Collected material Start Marker
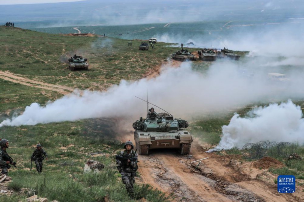 “跨越-2016·朱日和A”演習進入實兵對抗陣地進攻戰(zhàn),這是紅藍雙方首場對抗中紅軍步兵和坦克協(xié)同(2016年7月19日攝)。新華社發(fā)(王佳寅 攝)
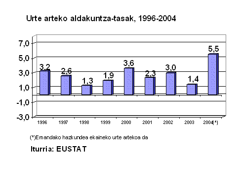 Azken hamabi hilabeteetan (2004ko ekaina, 2003ko ekainarekin alderatuta) eraikuntzaren kostuak %5,5 gehitu ziren.
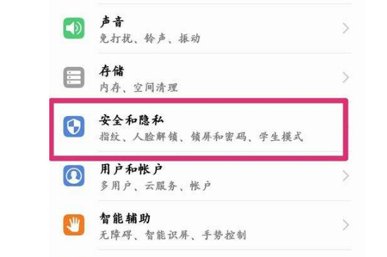 1、打开华为手机,进入设置,在此页面点击“安全和隐私”。
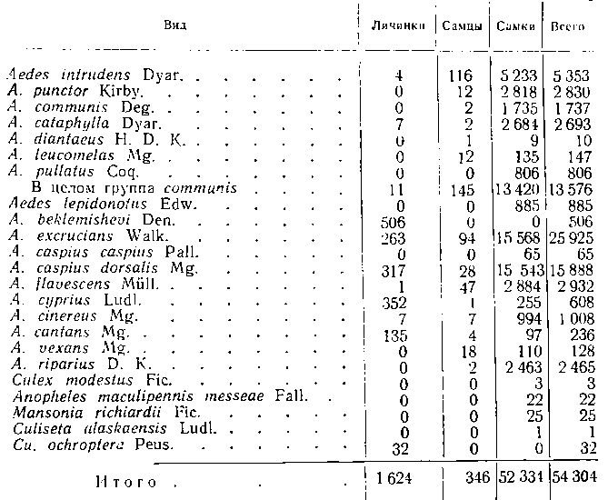 Основная масса комаров в 1961 г. (д. Горелая Грива Михайловского района) была представлена видами Aedes excrucians, A. lepidonotus и Aedes гр. communis, которые и определяют сезонный ход численности, так как со второй декады мая начался массовый лет Aedes lepidonotus, к которому через пятидневку присоединились комары Aedes группы communis. Эти виды и дали подъем численности комаров в мае. Присоединение к этим видам A. excrucians в первой декаде июня определяет максимальную численность комаров в сезоне. С третьей декады июня в популяции в основном преобладают комары вида A. excrucians.
Collected material End Marker
● Task goal
An exact, word-for-word version of the material is required, free of pictures.

● Task solution
 “跨越-2016·朱日和A”演習進入實兵對抗陣地進攻戰(zhàn),這是紅藍雙方首場對抗中紅軍步兵和坦克協(xié)同(2016年7月19日攝)。新華社發(fā)(王佳寅 攝)
 Azken hamabi hilabeteetan (2004ko ekaina, 2003ko ekainarekin alderatuta) eraikuntzaren kostuak %5,5 gehitu ziren.
 1、打开华为手机,进入设置,在此页面点击“安全和隐私”。
 Основная масса комаров в 1961 г. (д. Горелая Грива Михайловского района) была представлена видами Aedes excrucians, A. lepidonotus и Aedes гр. communis, которые и определяют сезонный ход численности, так как со второй декады мая начался массовый лет Aedes lepidonotus, к которому через пятидневку присоединились комары Aedes группы communis. Эти виды и дали подъем численности комаров в мае. Присоединение к этим видам A. excrucians в первой декаде июня определяет максимальную численность комаров в сезоне. С третьей декады июня в популяции в основном преобладают комары вида A. excrucians.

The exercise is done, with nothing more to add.